Everything in the listing should be transcribed exactly, apart from the pictures.

── Recorded data

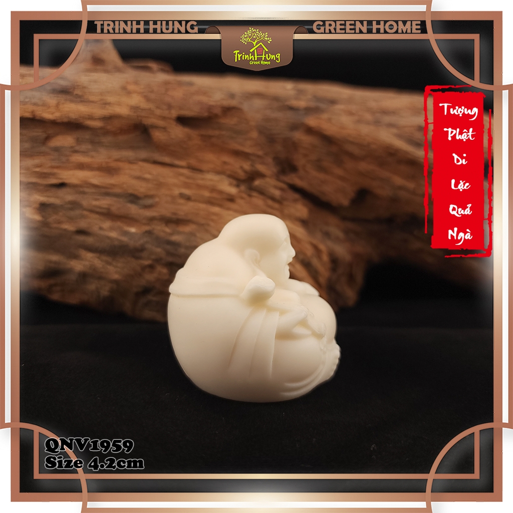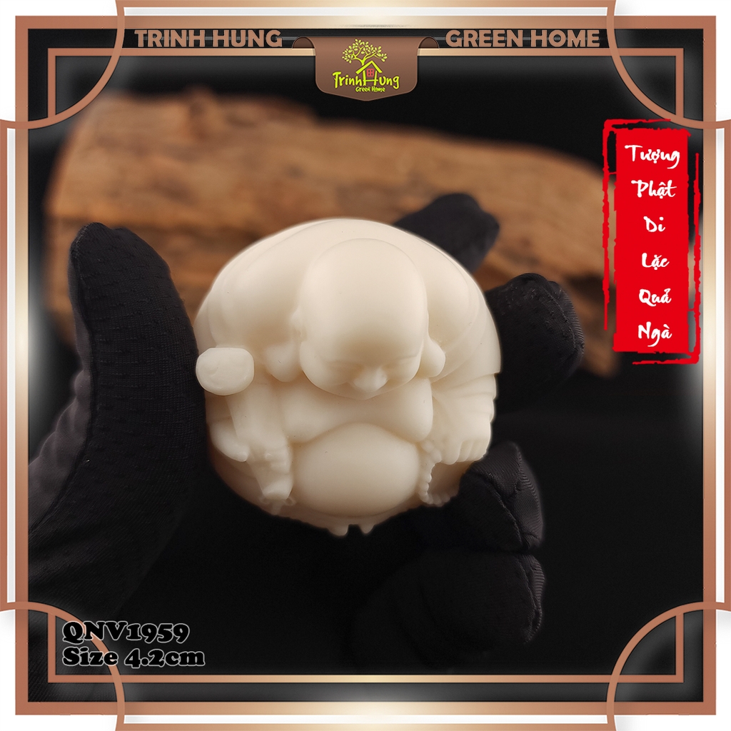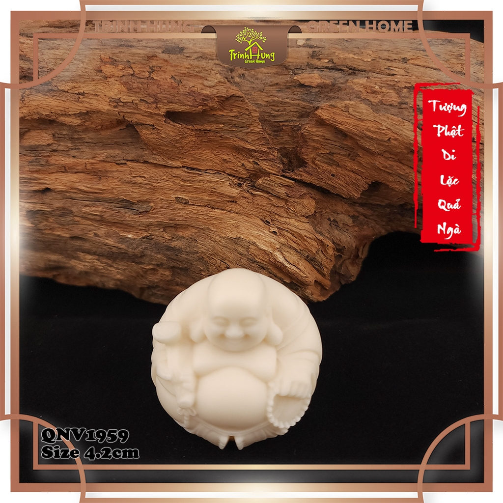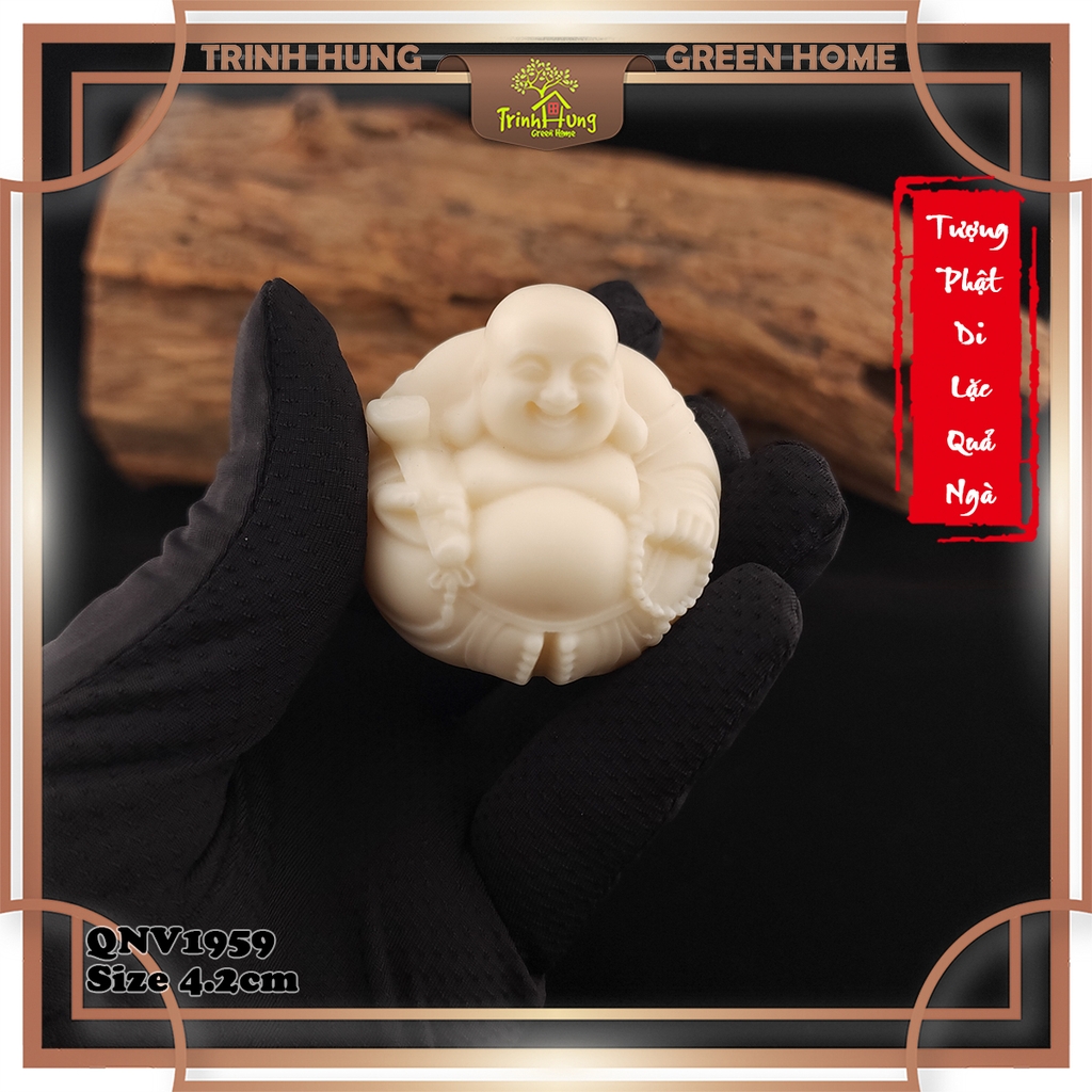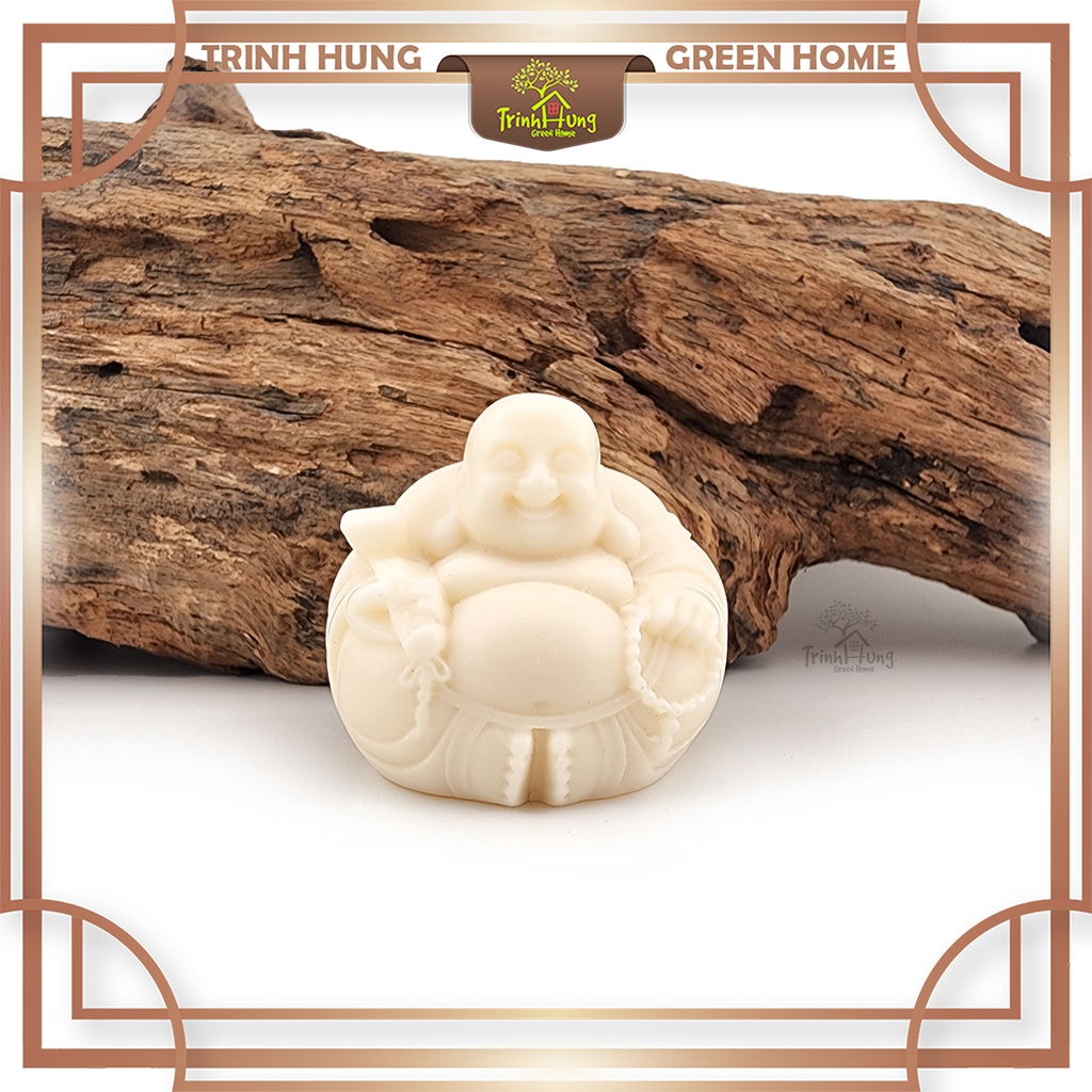 Tượng được làm từ quả ngà v.oi nghiền mịn (là một loại cây cọ sống lâu năm có thể cao tới 20m, nội nhũ bên trong hạt của quả ngà voi có màu trắng ngà, bề mặt mịn màng nhưng chất cứng như đá. Đây là những tính chất rất thanh cao và độc đáo, phù hợp để sử dụng làm các loại mỹ nghệ chạm khắc), kết hợp cùng 1 số phụ gia ép thành khuôn, sau đó được các người thợ thủ công chế tác, chất lượng sản phẩm sắc nét, tượng được cho vào máy đánh bóng nên tượng nhẵn mịn và có độ bóng nhất định
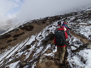 道自体は明瞭ですが、斜面には連日の雪が残っており、早い時刻から雲が降りてきて寒々しい歩き。身が引き締まる……というより、単純に寒い。
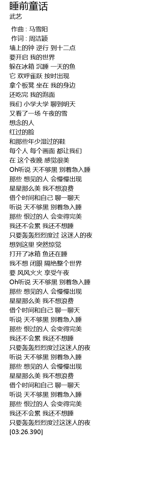 | [02:36.260] | 听说 天不够黑 别着急入睡 |
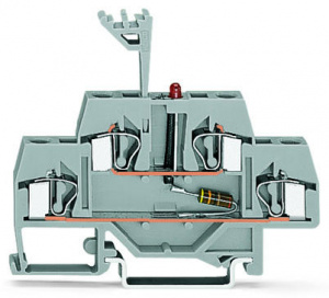 —281-634/281-413 Компонентная клемма; двухуровн.; красный светодиод; тока; для DIN-рейки 35 x 15 и 35 x 7,5; 4 mm2; CAGE CLAMP

────

* **Output for this exercise**:
 Tượng được làm từ quả ngà v.oi nghiền mịn (là một loại cây cọ sống lâu năm có thể cao tới 20m, nội nhũ bên trong hạt của quả ngà voi có màu trắng ngà, bề mặt mịn màng nhưng chất cứng như đá. Đây là những tính chất rất thanh cao và độc đáo, phù hợp để sử dụng làm các loại mỹ nghệ chạm khắc), kết hợp cùng 1 số phụ gia ép thành khuôn, sau đó được các người thợ thủ công chế tác, chất lượng sản phẩm sắc nét, tượng được cho vào máy đánh bóng nên tượng nhẵn mịn và có độ bóng nhất định
 道自体は明瞭ですが、斜面には連日の雪が残っており、早い時刻から雲が降りてきて寒々しい歩き。身が引き締まる……というより、単純に寒い。
 | [02:36.260] | 听说 天不够黑 别着急入睡 |
 —281-634/281-413 Компонентная клемма; двухуровн.; красный светодиод; тока; для DIN-рейки 35 x 15 и 35 x 7,5; 4 mm2; CAGE CLAMP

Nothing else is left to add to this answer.